2. Razões comportamentais

a) As cadelas recém paridas consomem as fezes dos filhotes. Dessa forma mantém o ninho limpo.

b) Ansiedade devido a conflito ambiental. Stress ambiental pode contribuir com vários comportamentos incluindo a coprofagia.

c) Cães entediados que manipula fezes como passatempo. (brincadeira ou comportamento lúdico)

d) O cão pode ser condicionado a ingerir fezes para receber atenção do proprietário. O comportamento pode ter sido reforçado pela reação emocional do proprietário "Não faça isso Totó !!!!!!!!!” e que significou ganho de atenção.

e) As fezes parecem ter um caráter lúdico e ser gratificantes, auto recompensa e serem saborosas.

f) Punições excessivas relacionada a eliminações do cão. Cães podem comer fezes para evitar que os proprietários os punam.

g) A distribuição errônea do espaço de dormir, alimentar, defecar e urinar. Cães que não dispõem de espaço suficiente e são forçados a defecar em seu espaço de dormir acabam por ingerir suas fezes para manter o espaço limpo.

h) Ansiedade de separação. Cães deixados em casa sem companhia por um longo período de tempo acabam por exibir este comportamento.

i) Vício por razões comportamentais. Cães confinados ou presos são mais aptos a desenvolverem coprofagia do que aqueles que estão em companhia humana na maior parte do tempo. Parece que animais que saem a passeio, recebem maior atenção do dono, são menos isolados e ganham brinquedos podem ter este comportamento diminuído, aliviado.

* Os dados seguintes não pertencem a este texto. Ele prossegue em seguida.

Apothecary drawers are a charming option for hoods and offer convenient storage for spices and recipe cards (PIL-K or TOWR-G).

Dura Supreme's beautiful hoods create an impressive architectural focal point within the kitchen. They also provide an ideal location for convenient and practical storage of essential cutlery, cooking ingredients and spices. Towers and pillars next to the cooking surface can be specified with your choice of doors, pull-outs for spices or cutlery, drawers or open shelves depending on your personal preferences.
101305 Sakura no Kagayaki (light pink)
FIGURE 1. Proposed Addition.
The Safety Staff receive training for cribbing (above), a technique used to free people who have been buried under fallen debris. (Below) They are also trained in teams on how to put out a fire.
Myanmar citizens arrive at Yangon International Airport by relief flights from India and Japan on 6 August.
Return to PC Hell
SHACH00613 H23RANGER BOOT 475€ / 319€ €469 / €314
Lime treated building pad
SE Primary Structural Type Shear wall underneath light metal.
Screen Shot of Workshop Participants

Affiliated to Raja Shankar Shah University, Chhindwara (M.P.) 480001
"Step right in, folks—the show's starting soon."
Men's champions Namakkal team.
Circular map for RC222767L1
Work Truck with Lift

j) Cães selvagens ao se alimentarem da caça iniciam sua alimentação pela ingestão de órgãos abdominais, incluindo ai o intestino e seu conteúdo. Daí as fezes não serem repugnantes para os cães.

k) Hereditárias, manifesta-se aproximadamente aos 6-8 meses. Em tais casos o comportamento é considerado normal, onde buscar nutrientes no lixo representou uma adaptação no processo de evolução e domesticação do cão.

3. Tratamentos propostos

Cães jovens podem comer fezes com o propósito de estabelecer uma flora bacteriana intestinal apropriada, no entanto, comer as fezes representa um comportamento não adequado uma vez que as fezes podem ser fontes de infestação de vermes, bactérias e vírus. Por outro lado este comportamento é rejeitado por nós e, portanto deve ser tratado, ou modificado.

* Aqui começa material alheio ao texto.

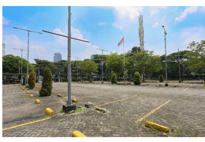
Cushman & Wakefield copyright 2024. No warranty or representation, express or implied, is made to the accuracy or completeness of the information contained herein, and same is submitted subject to errors, omissions, change of price, rental or other conditions, withdrawal without notice, and to any special listing conditions imposed by the property owner(s). As applicable, we make no representation as to the condition of the property (or properties) in question.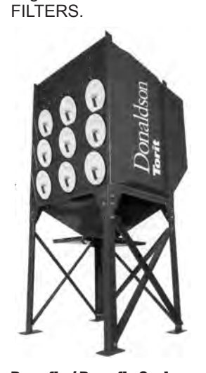
Downflo / Downflo Oval

Cartridge Filter Dust Collectors High efficiency / downflo designs, continuous / intermittent duty, the original ULTRA WEB NANOFIBER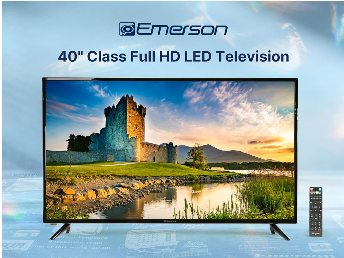
Figure 3.1: Front view of the Emerson ET-4000 TV with stand attached.

This image shows the sleek front profile of the Emerson ET-4000 TV, highlighting its slim bezels and the included stand for tabletop placement.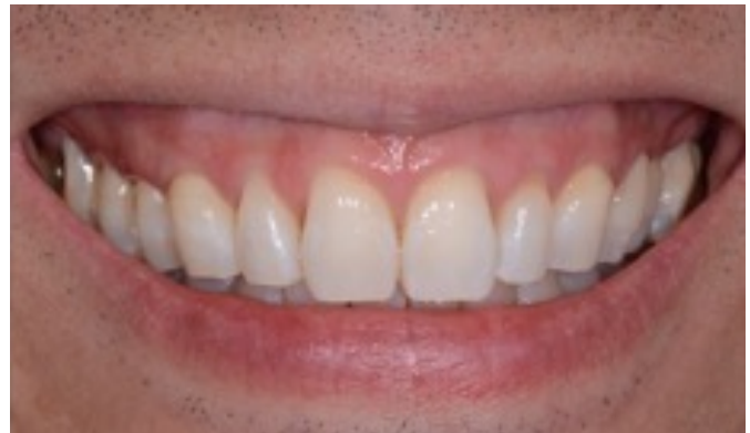
10 years after Pinhole (9-21-2016) Typically 1-3mm pocket depths after Pinhole (No scalples, NO sutures, NO grafts)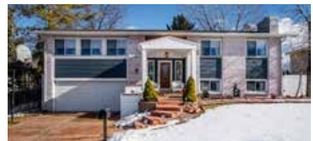
7984 S Newland Ct.

O Tratamento dos casos de coprofagia descrito em literatura não é uniforme. Uma vez que as causas são multifatorias e não sejam bem definidas também tornam a escolha do tratamento muito difícil e, às vezes controvertido.

Devemos alimentar o cão, pelo menos duas vezes por dia, sendo mais bem distribuído, se alimentar três vezes ao dia. Se possuir mais de um cão junto com este animal, coloque um comedouro e um bebedouro para cada animal, e certifique-se de que todos estão tendo oportunidade de comer.

 Não dar frutas, doces e outras guloseimas para o cão enquanto tratam de coprofagia, esses restinhos de alimentos podem permanecer nas fezes, tornando-as mais atrativas. Evitar também biscoitos caninos durante esse período.

Manter o ambiente sempre limpo, não deixando o ambiente com resíduos de fezes e urina por muito tempo. Procurar não deixar o animal ver você limpando as fezes dele, pode passar na cabeça dele que ele deve limpar o ambiente também, e a única maneira de fazer isso é comendo as fezes presente no ambiente.

Brigue com o animal apenas quando pega-lo no ato comendo as fezes, e nunca depois que isso já ocorreu.

Tente trocar de ração para o animal, substituindo para uma de maior valor e de melhor qualidade.

Procure deixar brinquedos (alguns) e não somente um apenas, para que o animal se ocupe brincando com os mesmos.

Fazer vermífugo regularmente (filhotes a cada três meses, e adultos a cada seis meses).

Fazer um exame de fezes, principalmente contemplando vermes chatos, cilíndricos e protozoários.

Passear regularmente com seu animal, principalmente os que ficam por um período de mais de quatro horas diárias sozinhas (distante de seus donos), os passeios irão reduzir o estresse, e seguramente irão ajudar no tratamento de coprofagia.